Well, for me this is just the beginning. It's a journey and I would be lying to say writing this book has changed my world, but what it has done is change my perception of my world and how to live in life. I feel a greater confidence that I never had before and I value myself a whole lot more. Before I started this journey of acceptance I lived a life of perpetually feeling 'worthless and useless'. I no longer feel worthless, but I still have stories playing; pain arises, sadness comes, jealousy too, yet they no longer send me into a pit of despair. I am able to manage and relate to myself much more deeply now. The tender loving arms of mindfulness have created a space within me to open my heart – to me. This is the biggest change and one I am still discovering moment-by-moment.


OK.  I'm going to wrap things up by asking you where we can find you online? 

You can find me in various places online.
I do most of my writing here at: www.kellymartinspeaks.co.uk
But to find out more about 'When Everyone Shines But You' you can visit my new author website: www.kellymartin.co.uk
I also share videos of encouragement on my You Tube channel: https://www.youtube.com/user/KellyMartinSpeaks/
And share inspiration on


I can remember a time in my life where I felt like everyone was in on some secret, leaving me out of the loop. That is why I love this book.  Each chapter clears the path a little more than the next and we are left with clarity; we finally feel like we're in on it too, by the time we are finished. 

And - even better - when the book is finished we are left with a fantastic reference/resource to keep around for those days when we need a little centering and focus.

Thank you, Kelly!

Thank you for this interview.

Thank you for this book.


Thank you Marla for reading and giving such great feedback on the book, I have enjoyed this interview x



Kelly Martin is a British writer and a natural free flowing intuitive blogger who can write till the cows come home, but because she felt a complete failure at everything in her life, she never gave herself the chance to finish anything, especially a book, until now.

One day Kelly saw other people praising their books and something began to stir inside. She always felt she had a book inside her, but because she thought so differently to many people in the self-help arena she held off sharing to a wider audience, yet a strong voice within began to grow louder and she knew she had to begin to share what she knew, to share the wisdom that was beginning to drive her days and to offer support and encouragement to people who also felt like failures, who also felt worthless and useless, and for those people who felt that there was no point to their being here on planet Earth.

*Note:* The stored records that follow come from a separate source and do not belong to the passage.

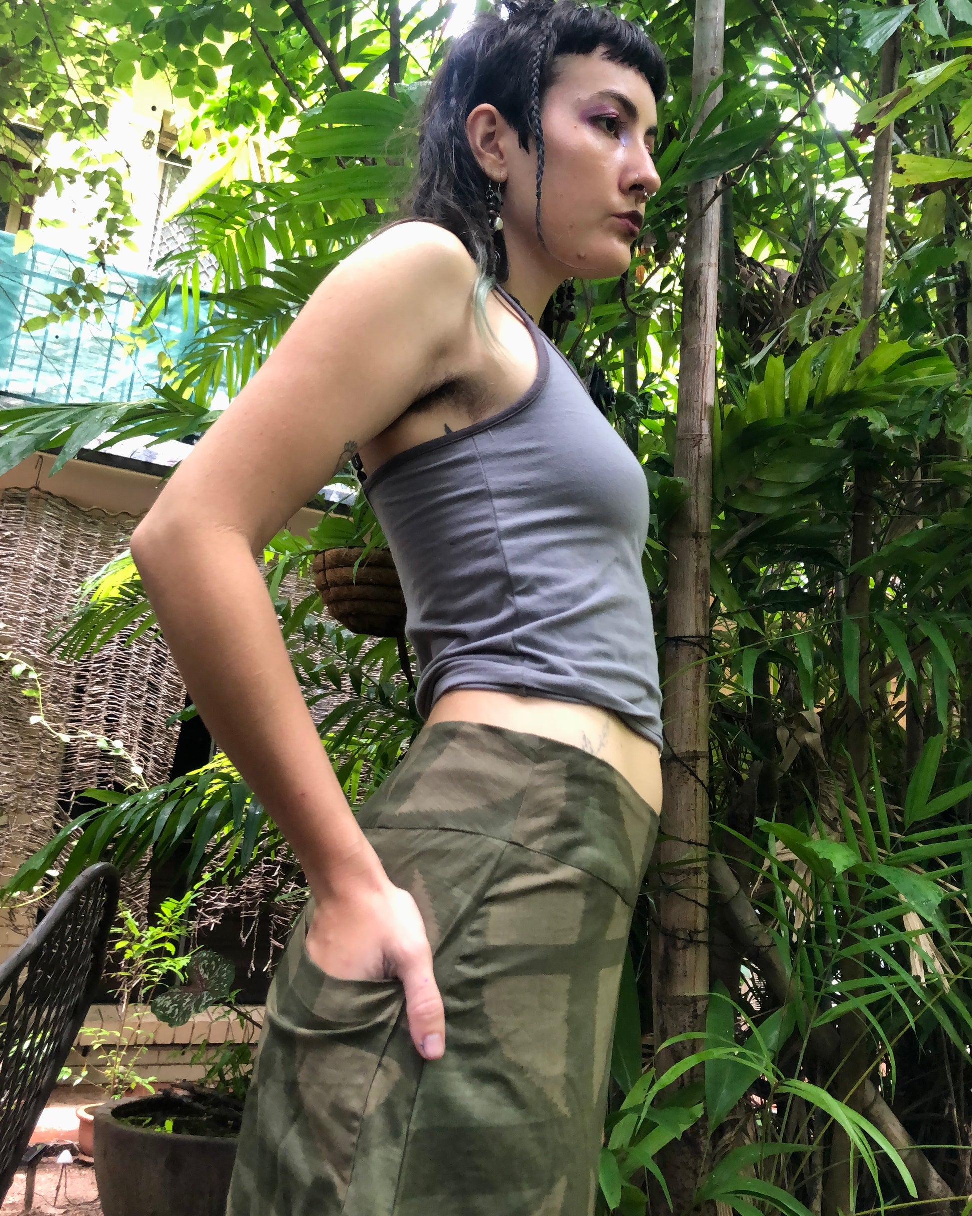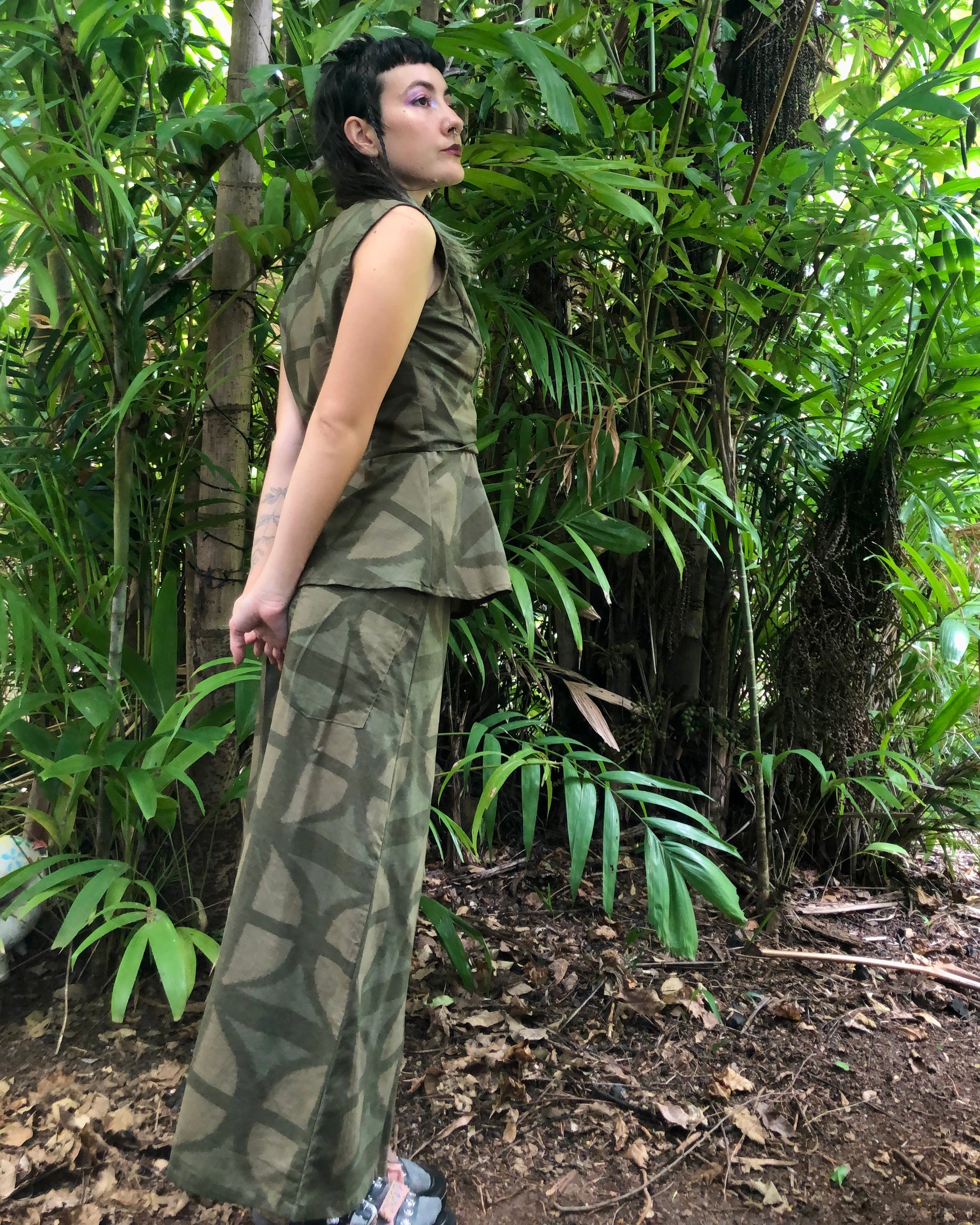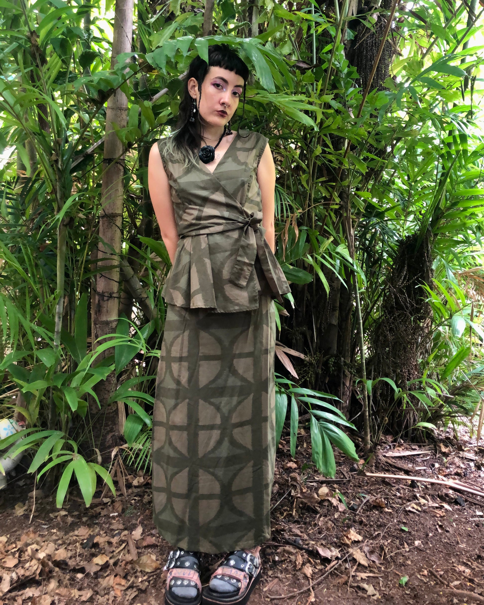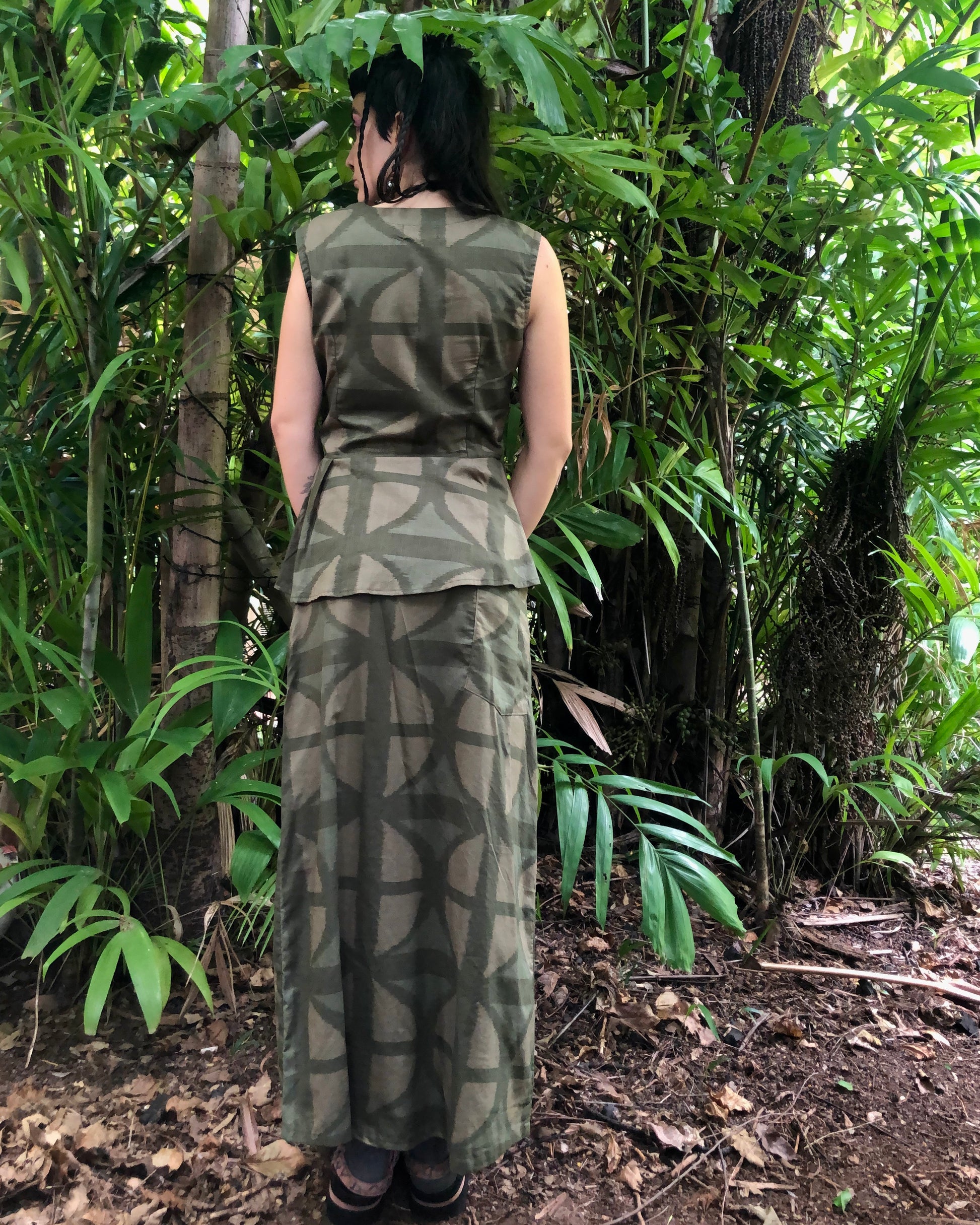 Long A-line Skirt in our very own EXCLUSIVE screen-printed Breezeblock motif fabric in lightweight, cotton slub! In our Urban Camo colour way!
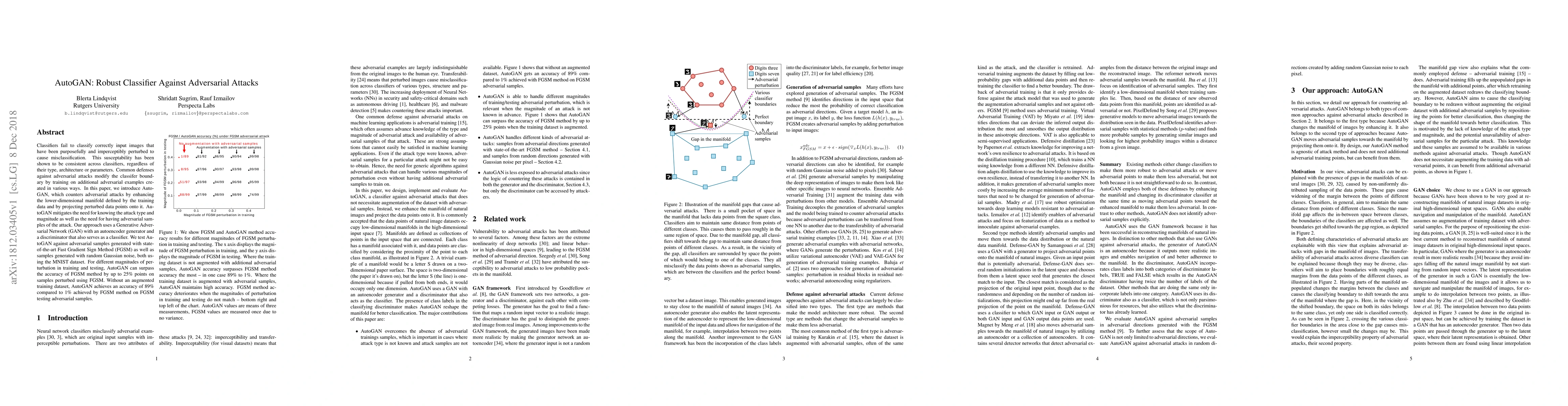 AutoGAN employs a GAN with an autoencoder to enhance the training data's lower-dimensional manifold, effectively countering adversarial attacks without needing specific attack information. It outperforms traditional FGSM-based defenses on adversarial samples, achieving up to 25% higher accuracy.
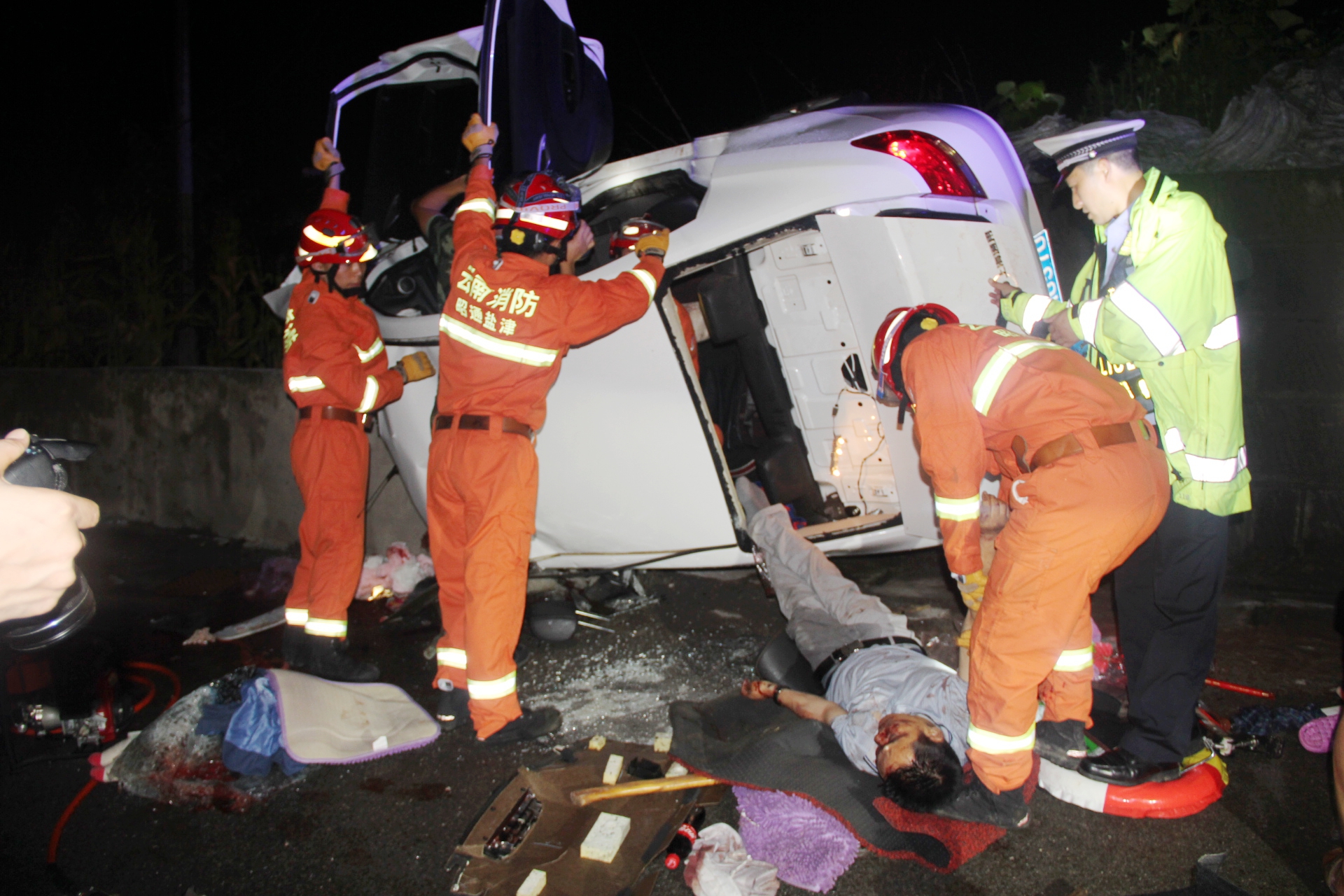 轎車側(cè)翻釀慘禍 鹽津消防雨夜?fàn)I救被困人員

She watched as scores of people became enmeshed in the 'Law of Attraction' culture. She watched as people felt downtrodden by the positive thinking path, when they were unable to hold positive thoughts as they were told they 'should' be doing or having, and she said to herself 'Enough is enough! I need to voice a new way of being human' and so When Everyone Shines But You was born.

So from blogging at Kelly Martin Speaks to now, a new chapter began. The labour was filled with complications, the pregnancy was private, the going full term was overwhelmingly tough going at times, but the baby was born. The first of many more to come.